IV.60 Foreign banks with more than 20 branches were put on a five-year roadmap (2013-18) and by March 31, 2018 they were brought on par with domestic banks with regard to achievement of the overall priority sector target and various sectoral sub-targets. Foreign banks with less than 20 branches are required to achieve the priority sector target in a phased manner by March 2020.

IV.61 PVBs managed to achieve the overall priority sector lending (PSL) target7. However, shortfalls were found in certain sub-targets such as agriculture and its various segments, and weaker sections. Like in the previous year, PSBs missed the overall PSL target in 2017-18 but they were able to achieve various sub-targets except in respect of micro-enterprises (Table IV.20). During Q1:2018-19, both PSBs and PVBs managed to achieve the overall priority sector lending target. However, shortfalls were observed in certain sectors and sub-sectors in the case of both PSBs (micro-enterprises) and PVBs (total agriculture, small and marginal farmers; non-corporate individual farmers; and weaker sections).

Table IV.20: Priority Sector Lending by Banks
(Average of quarterly figures for 2017-18)
(Amount in ₹ billion)
Item Target/ sub-target (per cent of ANBC/ OBE) Public Sector Banks Private Sector Banks Foreign Banks
Amount outstanding Per cent of ANBC/OBE Amount outstanding Per cent of ANBC/OBE Amount outstanding Per cent of ANBC/OBE
1 2 3 4 5 6 7 8
Total Priority Sector Advances 40 20,723 39.9 8,046 40.8 1,402 38.3
of which              
Total Agriculture 18 9,321 18.0 3,183 16.2 330 16.7
Small and Marginal Farmers 8 4,633 8.9 1,205 6.1 103 5.2
Non-corporate Individual Farmers 11.7 6,647 12.8 2,125 10.8 131 6.6
Micro Enterprises 7.5 3,317 6.4 1,548 7.9 83 4.2
Weaker Sections 10 5,946 11.5 1,874 9.5 140 7.1
Note: Data are provisional.
Source: RBI.

IV.62 For banks that could not achieve the PSL targets and sub-targets through direct lending, Priority Sector Lending Certificates (PSLCs) were introduced as an alternative to Rural Infrastructure Development Fund (RIDF) contributions (Box IV.1).
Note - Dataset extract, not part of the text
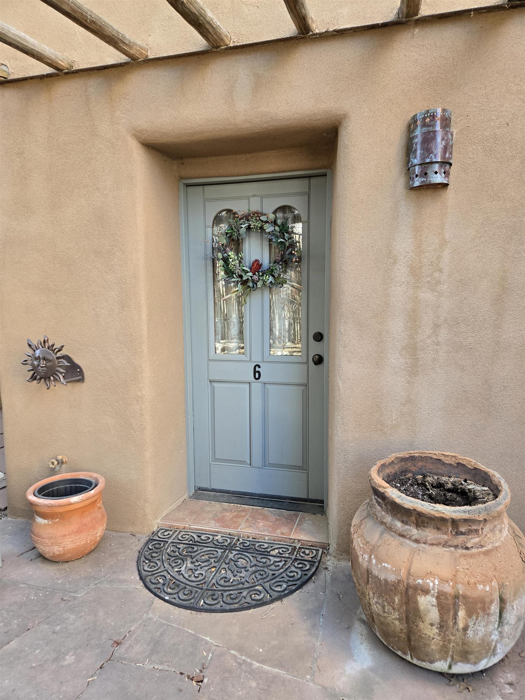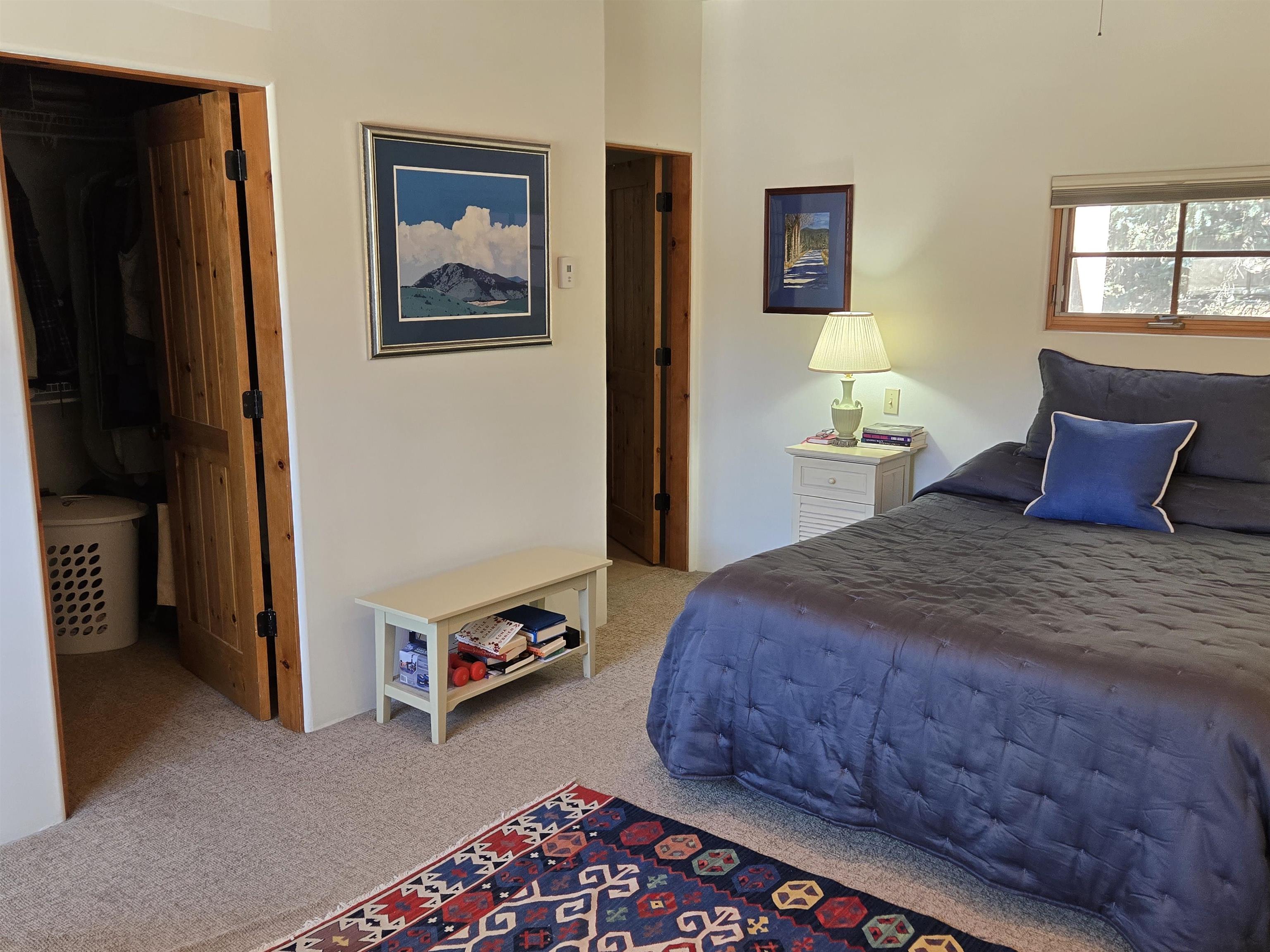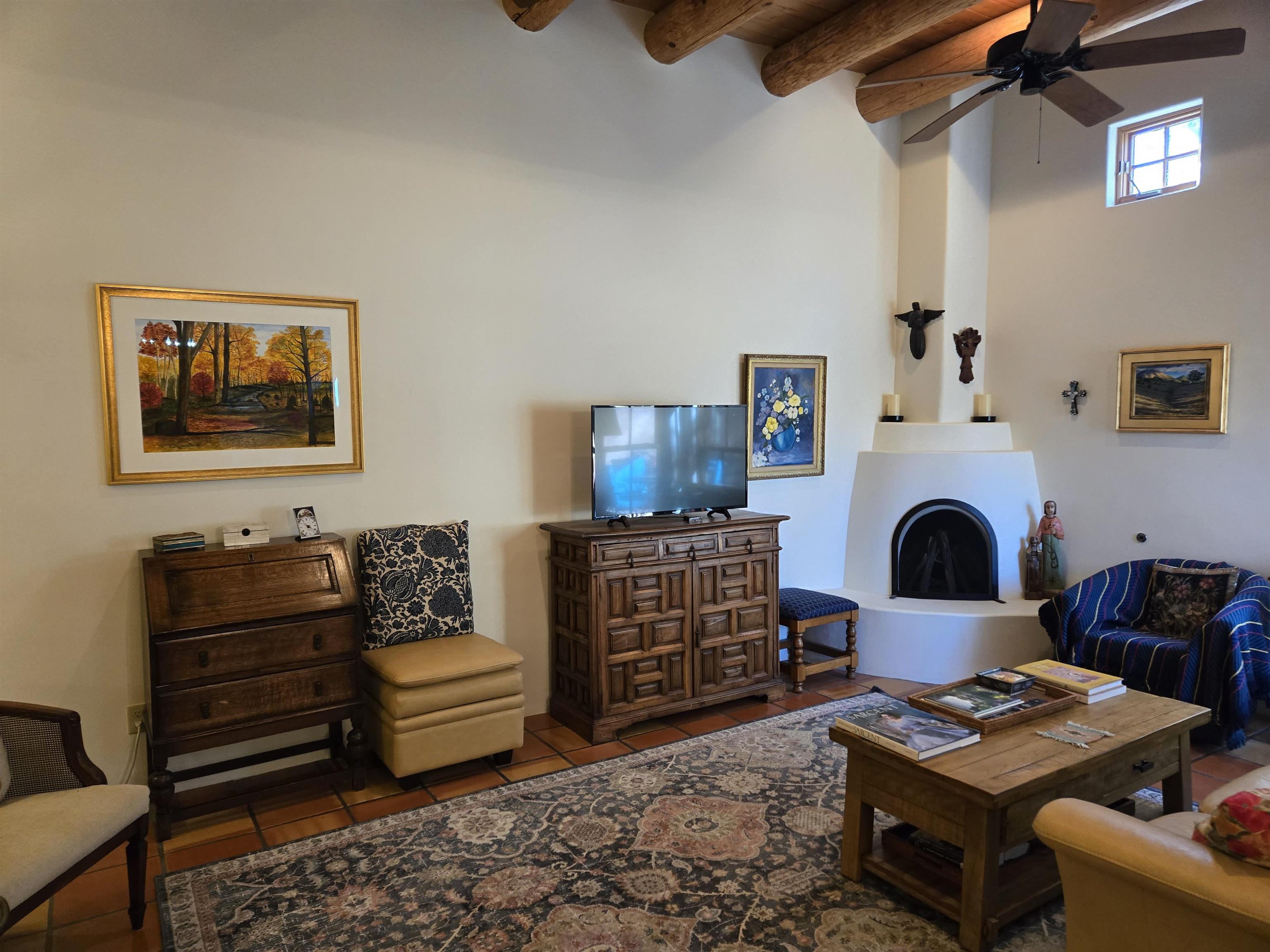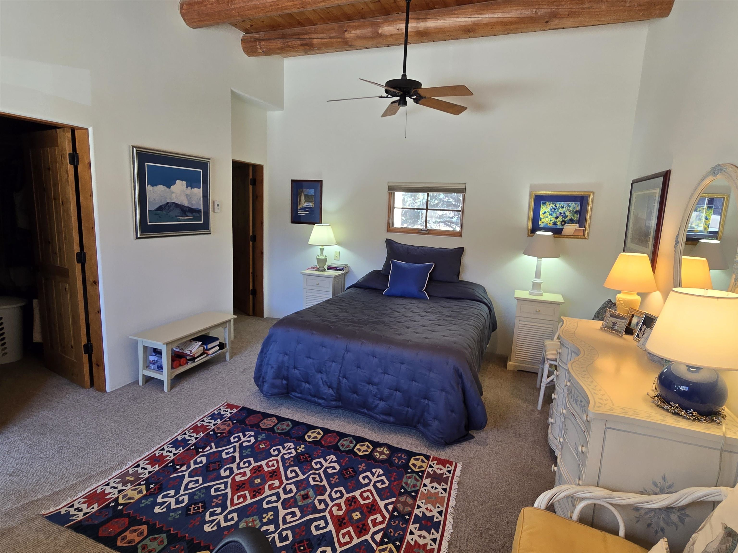 This Kit Carson Road two bedroom two and a half bath condominium location is the place you need to be, within walking distance of dining, shopping, music and galleries downtown in Taos. This quiet compound is home to just nineteen units on a shady street. The two-story condominium has a lovely open floorplan that expands out onto a private courtyard where your potted flowers will glow. Remodeled in 2022, this unit saw top quality upgrades of cabinetry, stainless appliances, new Saltillo tile flooring throughout the ground floor and an on demand water heater for endless showers! Granite countertops sparkle under the two-story skylight. The kitchen supplies ample storage in the rich wood cabinets and island. The owners love to entertain, and the space worked beautifully for many functions throughout the seasons. The large LIVING ROOM is so cozy with handsome vigas, the Pueblo-style gas fireplace and wood frame windows. The warmth of wood flows through the home with pretty raised panel wood doors. Ceiling fans circulate fresh air in handsome fashion. The quality Hunter blinds work seamlessly, opening from top or bottom to control the streaming sunlight or privacy. Large sliding patio doors open out to the private courtyard from the dining room. The main floor also features a BEDROOM / OFFICE with ensuite bath, large closet, a powder room with laundry closet and large under staircase storage area. Upstairs a LARGE PRIMARY BEDROOM is spacious enough to share an art studio area. It features a lovely bath with a large tub, linen cabinets and sunny glass block corner to spread the sky light around. The upper level has its own deck with space for seating overlooking a sunny southern exposure and fresh mountain air. These units do not stay on the market long, so call to request a showing today.

Although the RIDF scheme continues, the contributions of banks to it have slowed down and have been instead channelised to PSLCs.

Box IV.1: Two Years of PSLCs: Rewarding the ‘Over-achievers’?

PSLCs trading were introduced in April 2016 on the lines of carbon credits to drive priority sector lending by leveraging the comparative strength of different banks. Under this arrangement, the overachievers sell excess priority sector obligations, while underachievers buy the same with no transfer of risks or loan assets. Trading in PSLCs takes place through the Reserve Bank’s e-Kuber portal. Four kinds of PSLCs, viz., PSLC – Agriculture (PSLC-A); PSLC – Small and Marginal Farmers (PSLC-SM); PSLC – Micro Enterprises (PSLC-ME); and PSLC – General (PSLC-G), can be bought and sold via the platform in order to meet the applicable priority sector targets and sub-targets.

Trading volumes: During 2017-18, the PSLCs trading volume increased by 270 per cent to ₹1,842 billion from ₹498 billion in the previous year. In H1:2018-19, trading volume more than doubled from the level a year ago. Trading volumes tend to spike at the end of each quarter as buyers vie with each other to meet quarterly priority sector targets (Chart 1). The e-Kuber portal has participation from all eligible bank categories – SCBs (including RRBs); urban co-operative banks (UCBs) and the recently operational small finance banks (SFBs).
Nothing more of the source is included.